Here is a list of different forms of Makuti.
- TARBAT: Makook, Water, and Animal Fat
- Makook Paqoo: Makook + Water + Butter
- Shooshkali: Makook + Water + Desi Ghee
These are all types of Makooti, having different tastes and ingredients, but they all have Makook in common.
DOW DOW
Oh my God, it is a super yummy dish around Gilgit Baltistan. It is a casual dish cooked in the winter. It is a traditional dish as well as one that represents our culture.
At first, cooking oil is heated, and thinly chopped onions are added. When the onions turn dark brown, tomato paste is added with spice. Then water is added, and the mixture is allowed to boil. After that, Quroot (a sour cultural thing made from milk) is added. Then Papah (bread) is chopped like noodles and complemented with the mixture. After twenty to thirty-five minutes, Dow Dow is ready to be served.
Apart from these things, we can add or mix different types of vegetables, such as potatoes, cabbage, peas, celery, spinach, etc., and if we add small pieces of meat, that will do a great job.
LAJEK (laa-jekh)
It is a traditional dish cooked on many occasions, and it is eaten in our country with much interest. It is cooked at marriage ceremonies, but it is mainly cooked at religious festivals like Eid-ul-Azha.
For making Lajek, first we have to boil wheat grains in water for about an hour with continuous stirring, adding common flour, salt, and tiny pieces of meat. After about an hour of cooking, Lajek is ready to be served.
MOOL
Mool is a very plain dish, and we can cook it any time we want. It is highly carbohydrate-rich and a good dish for the winter. Mool is easy to cook, and to cook it, fewer ingredients are needed. In addition, Mool requires less time, less effort, and a simple way. Flour (either wheat or maize) is complemented by boiling water, and salt is added to it. We have to add flour slowly to the boiling water and stir it continuously with a stirrer. After one of the stirring hours, the Mool is ready to be served, but do not forget to pour milk or butter (molten) on it when it is tossed to the plate.
SHARBAT(sharr-bath)
The second eminent dish in our area is Sharbat. Sharbat is also an occasional dish, but unlike Makooti, it is cooked on two different occasions. It is cooked as a marriage dish as well as on various festivals. It is creamy white in appearance and is a rich source of fat. As compared to Makooti, it consumes less time and requires less effort to cook.

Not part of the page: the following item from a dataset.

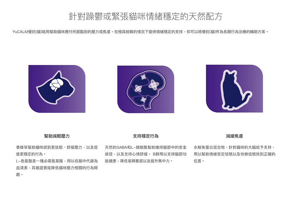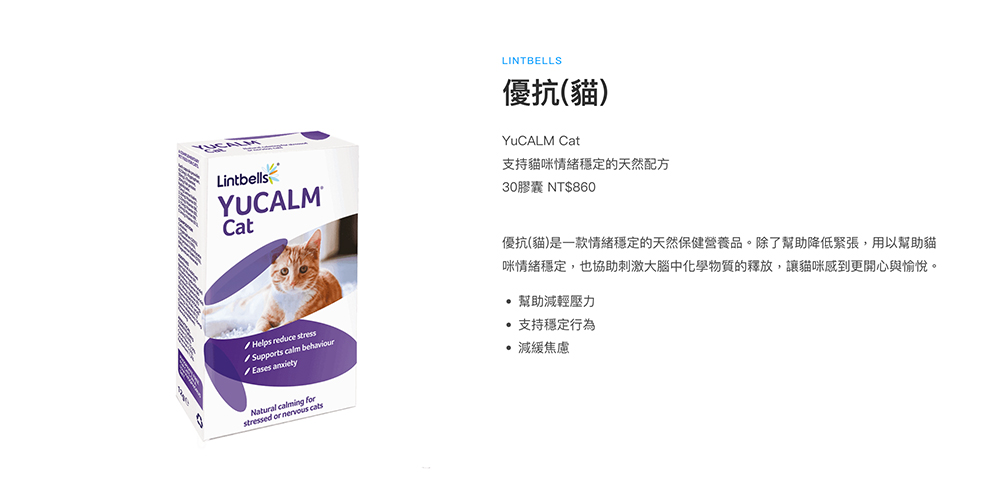 優抗(貓)是一款情緒穩定的天然保健營養品。除了幫助降低緊張,用以幫助貓咪情緒穩定,也協助刺激大腦中化學物質的釋放,讓貓咪感到更開心與愉悅。

To cook Sharbat, first of all, we have to add a considerable amount of butter to the water, providing heat, and when the water is boiled, we have to add Cherr (a special kind of flour for Sharbat). Though Cherr is made from ordinary wheat, its particles are larger than the usual flour. Then we have to let the mixture cook by slow heating; salt is added accordingly, and after one and a half hours, Sharbat is ready to be served.